• **DESCRIPTION OF THE TASK**
When copying the data below, keep only the lines from the one with "Treadmill for Home, Foldable" through the one with "JFHCQJPK Witch and", word for word, and skip the pictures.

• **Data items**
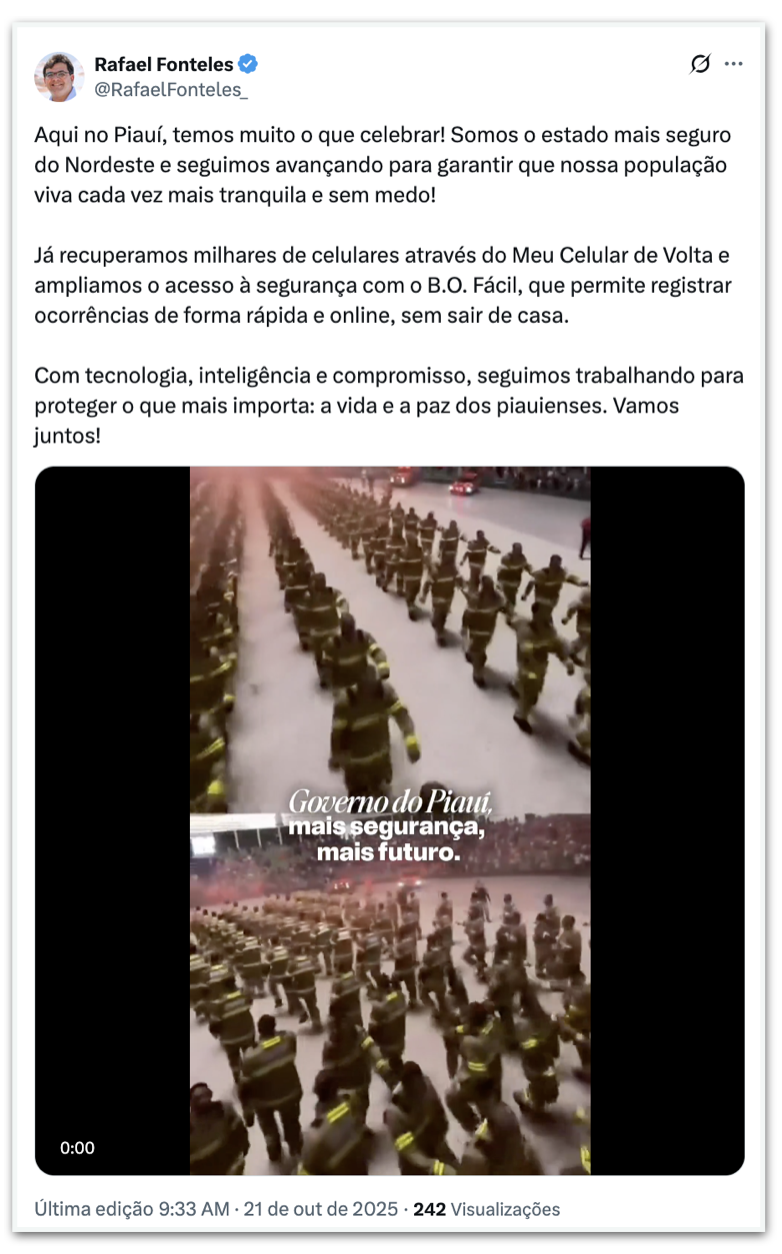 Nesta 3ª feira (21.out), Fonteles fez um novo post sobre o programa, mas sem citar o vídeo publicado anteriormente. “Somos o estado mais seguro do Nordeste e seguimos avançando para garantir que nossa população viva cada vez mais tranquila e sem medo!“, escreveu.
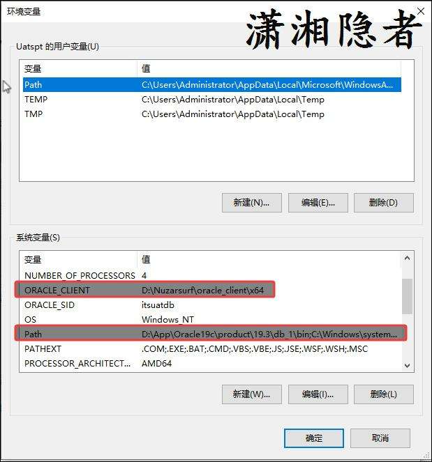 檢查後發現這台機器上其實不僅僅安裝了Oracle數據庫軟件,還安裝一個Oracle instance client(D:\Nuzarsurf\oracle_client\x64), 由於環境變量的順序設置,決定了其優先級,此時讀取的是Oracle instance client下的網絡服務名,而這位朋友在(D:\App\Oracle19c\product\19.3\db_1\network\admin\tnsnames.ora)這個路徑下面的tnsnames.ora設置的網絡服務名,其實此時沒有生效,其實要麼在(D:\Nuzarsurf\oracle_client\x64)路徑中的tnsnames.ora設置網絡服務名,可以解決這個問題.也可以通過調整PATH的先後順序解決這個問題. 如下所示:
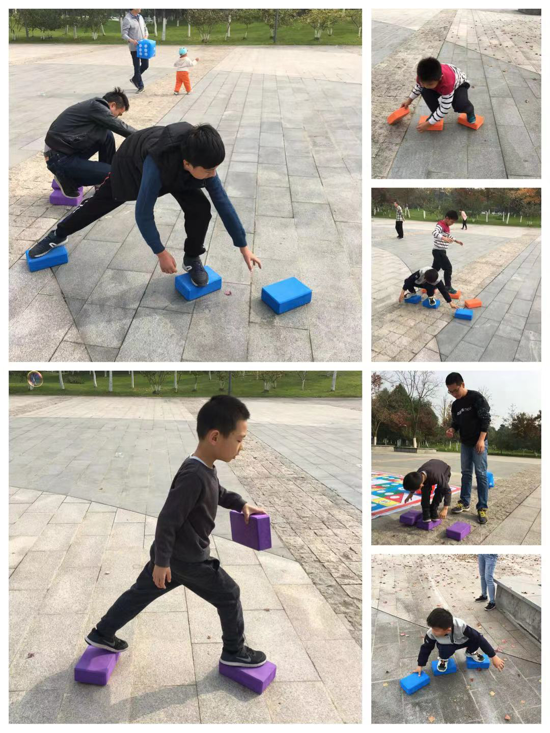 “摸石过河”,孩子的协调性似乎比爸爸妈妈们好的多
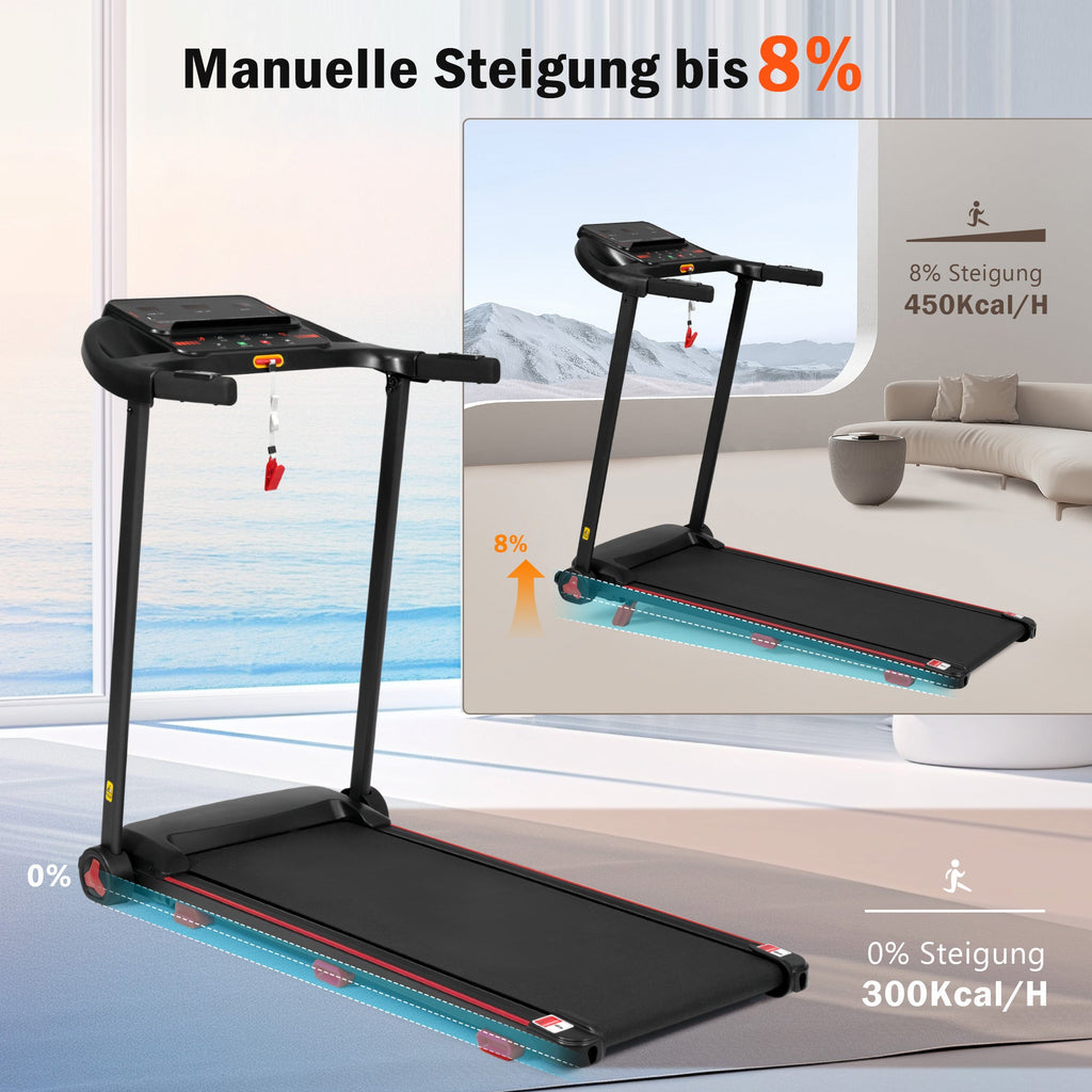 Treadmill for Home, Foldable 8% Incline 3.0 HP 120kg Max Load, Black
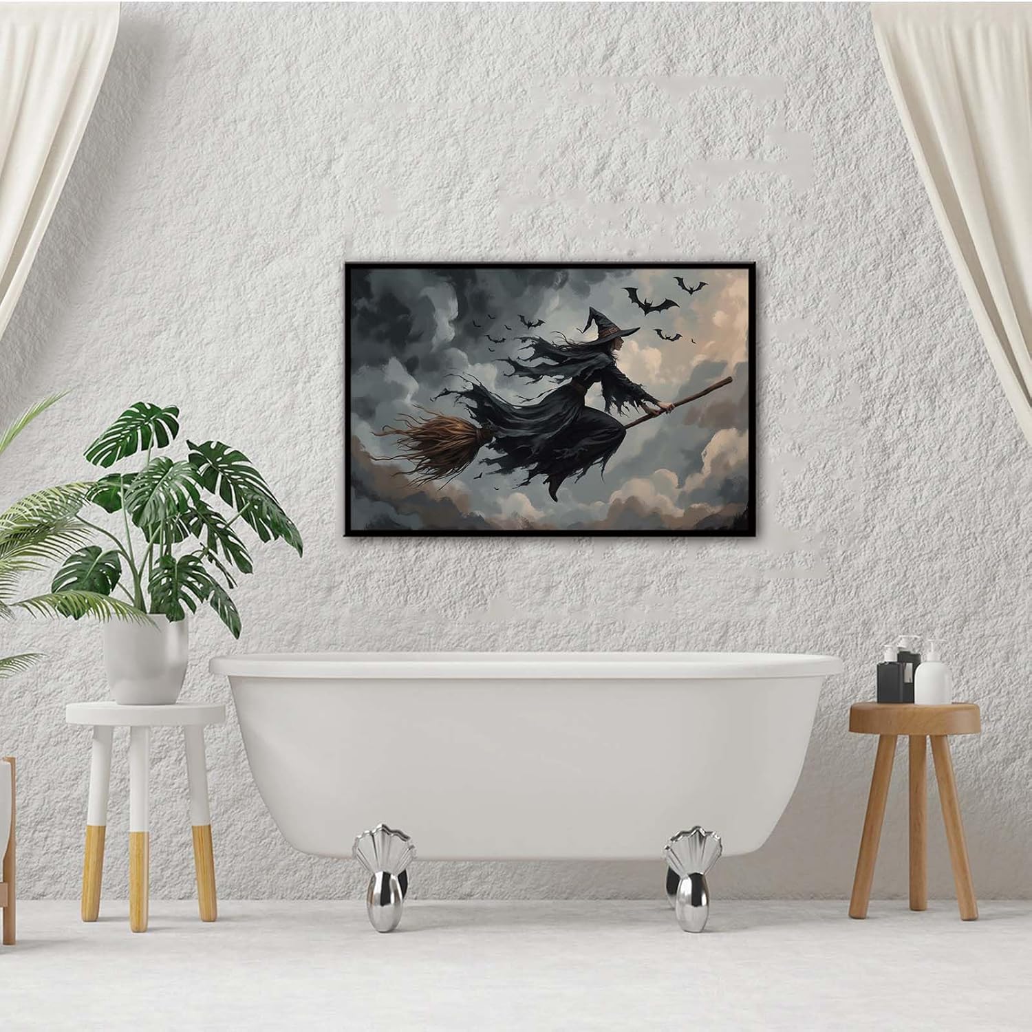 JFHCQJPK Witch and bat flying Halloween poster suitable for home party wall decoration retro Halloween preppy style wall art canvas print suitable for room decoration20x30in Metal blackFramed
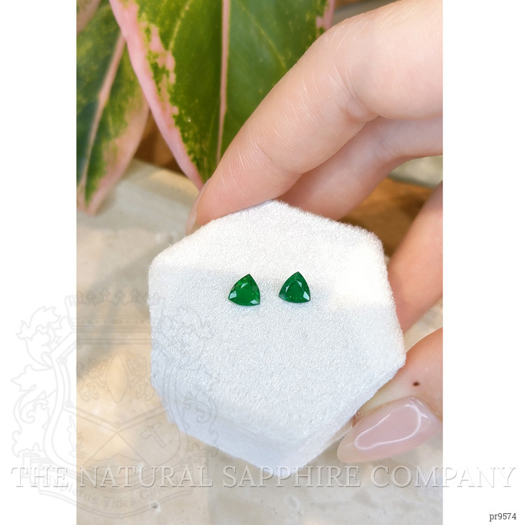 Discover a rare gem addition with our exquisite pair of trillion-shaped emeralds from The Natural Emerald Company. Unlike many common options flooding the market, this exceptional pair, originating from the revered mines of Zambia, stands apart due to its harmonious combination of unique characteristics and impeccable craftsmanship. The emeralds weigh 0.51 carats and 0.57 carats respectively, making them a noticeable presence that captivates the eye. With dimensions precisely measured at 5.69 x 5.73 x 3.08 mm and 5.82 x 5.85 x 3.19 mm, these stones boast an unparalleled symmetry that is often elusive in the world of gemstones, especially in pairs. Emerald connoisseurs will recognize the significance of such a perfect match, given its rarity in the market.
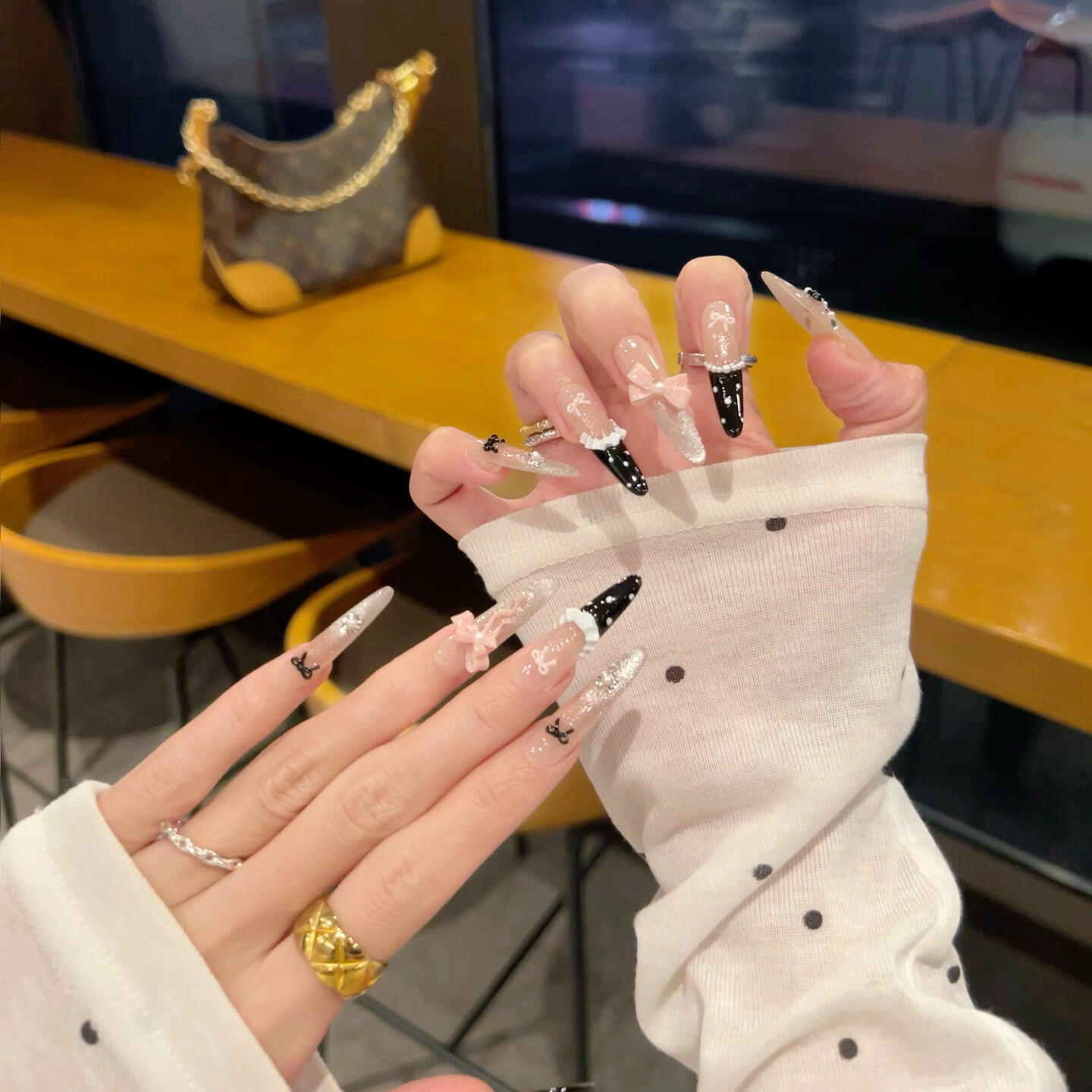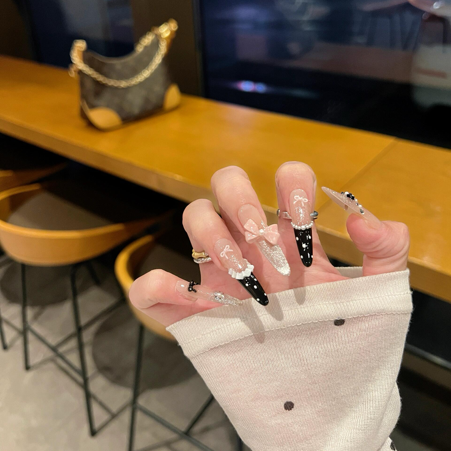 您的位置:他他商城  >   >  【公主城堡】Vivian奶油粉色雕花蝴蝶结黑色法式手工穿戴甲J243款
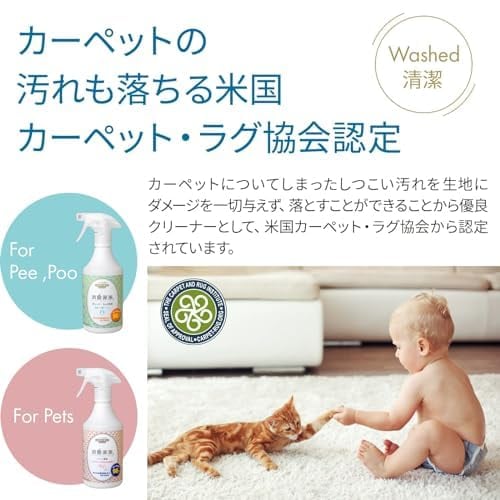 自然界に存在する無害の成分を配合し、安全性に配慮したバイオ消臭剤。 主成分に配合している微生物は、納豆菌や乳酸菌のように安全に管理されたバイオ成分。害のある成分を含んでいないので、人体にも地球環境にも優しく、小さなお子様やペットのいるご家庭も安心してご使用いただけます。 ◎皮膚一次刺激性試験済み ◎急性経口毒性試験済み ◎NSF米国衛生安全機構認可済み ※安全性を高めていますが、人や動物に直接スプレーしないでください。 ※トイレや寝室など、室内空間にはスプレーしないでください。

• **YOUR SOLUTION**
 Treadmill for Home, Foldable 8% Incline 3.0 HP 120kg Max Load, Black
 JFHCQJPK Witch and bat flying Halloween poster suitable for home party wall decoration retro Halloween preppy style wall art canvas print suitable for room decoration20x30in Metal blackFramed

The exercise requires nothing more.